● **What the task requires**
Of the lines in the material below, print only those from the one containing "大家好,小问来为大家解答以上" to the one containing "حوّلي فنجان قهوتكِ", ends included, exactly as written and without pictures.

● **Data for this exercise**
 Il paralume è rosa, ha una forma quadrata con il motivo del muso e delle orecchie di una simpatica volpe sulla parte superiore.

---

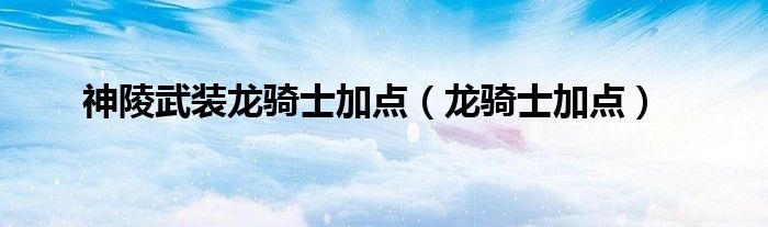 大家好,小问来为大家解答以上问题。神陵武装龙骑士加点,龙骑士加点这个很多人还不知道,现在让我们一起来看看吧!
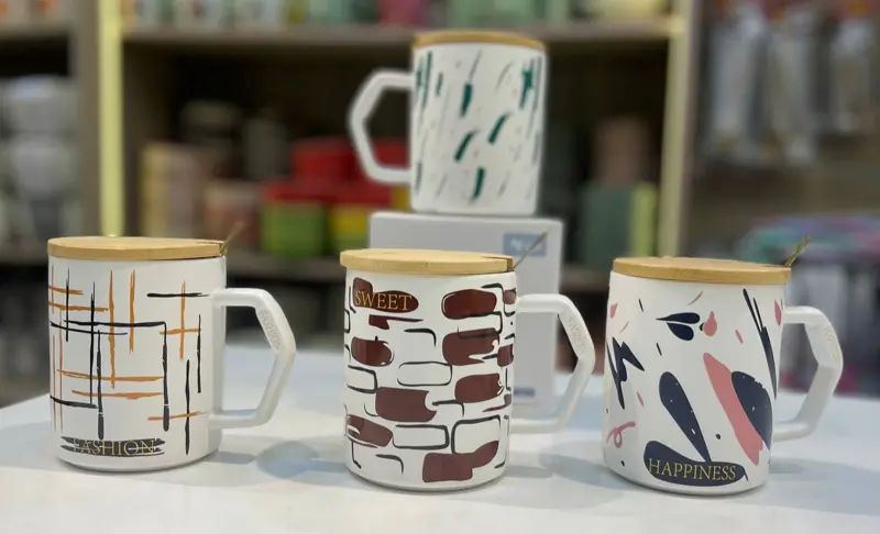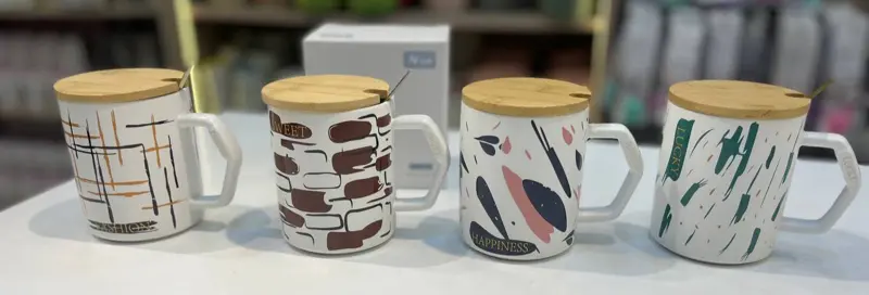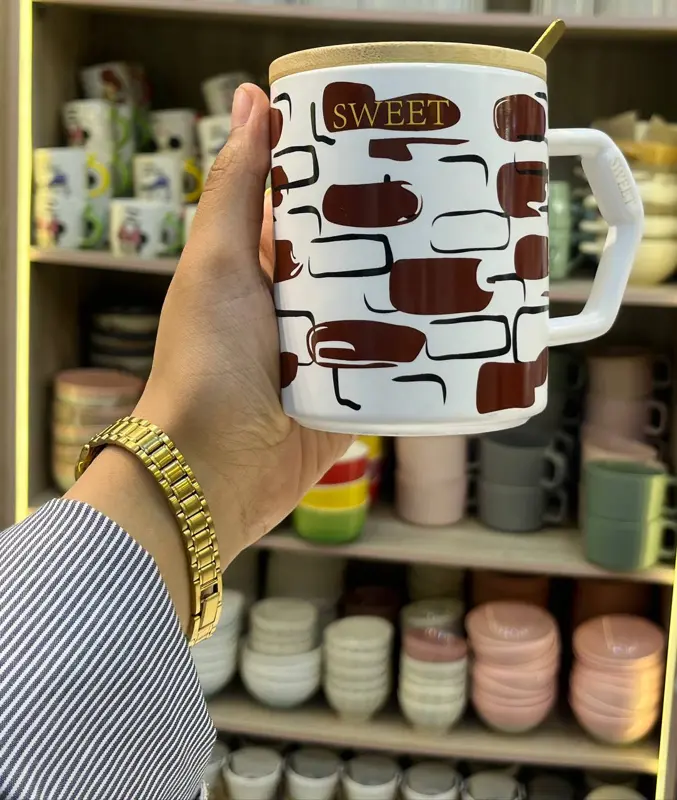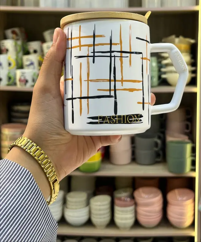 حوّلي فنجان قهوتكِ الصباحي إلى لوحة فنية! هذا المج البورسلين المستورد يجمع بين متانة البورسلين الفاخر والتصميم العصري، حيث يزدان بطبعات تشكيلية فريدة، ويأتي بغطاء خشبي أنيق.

...

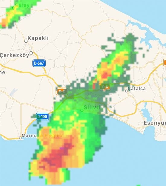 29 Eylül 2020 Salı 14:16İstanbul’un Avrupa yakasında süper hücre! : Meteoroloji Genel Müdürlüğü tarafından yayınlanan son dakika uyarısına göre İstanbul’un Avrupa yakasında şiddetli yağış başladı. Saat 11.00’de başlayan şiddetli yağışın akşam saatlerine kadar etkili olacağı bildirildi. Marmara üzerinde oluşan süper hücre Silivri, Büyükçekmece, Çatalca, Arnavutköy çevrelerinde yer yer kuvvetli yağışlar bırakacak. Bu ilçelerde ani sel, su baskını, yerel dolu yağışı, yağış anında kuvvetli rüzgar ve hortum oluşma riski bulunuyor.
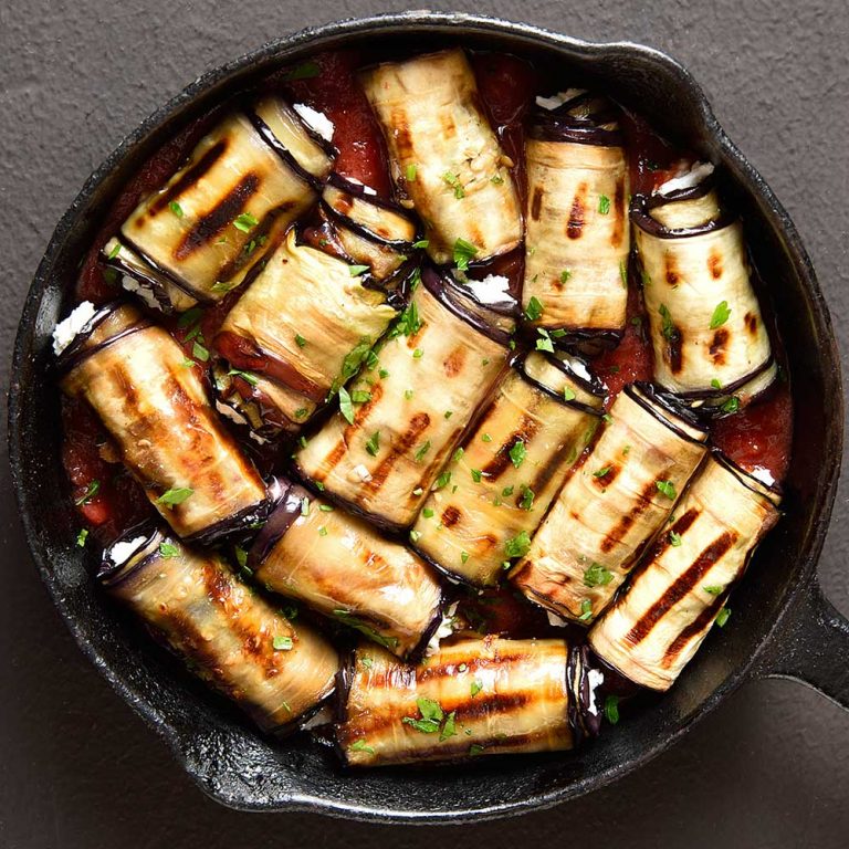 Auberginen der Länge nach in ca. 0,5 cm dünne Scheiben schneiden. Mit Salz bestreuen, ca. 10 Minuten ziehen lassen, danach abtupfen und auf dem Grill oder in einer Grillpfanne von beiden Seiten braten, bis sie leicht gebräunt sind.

● **Answer to this problem**
 大家好,小问来为大家解答以上问题。神陵武装龙骑士加点,龙骑士加点这个很多人还不知道,现在让我们一起来看看吧!
 حوّلي فنجان قهوتكِ الصباحي إلى لوحة فنية! هذا المج البورسلين المستورد يجمع بين متانة البورسلين الفاخر والتصميم العصري، حيث يزدان بطبعات تشكيلية فريدة، ويأتي بغطاء خشبي أنيق.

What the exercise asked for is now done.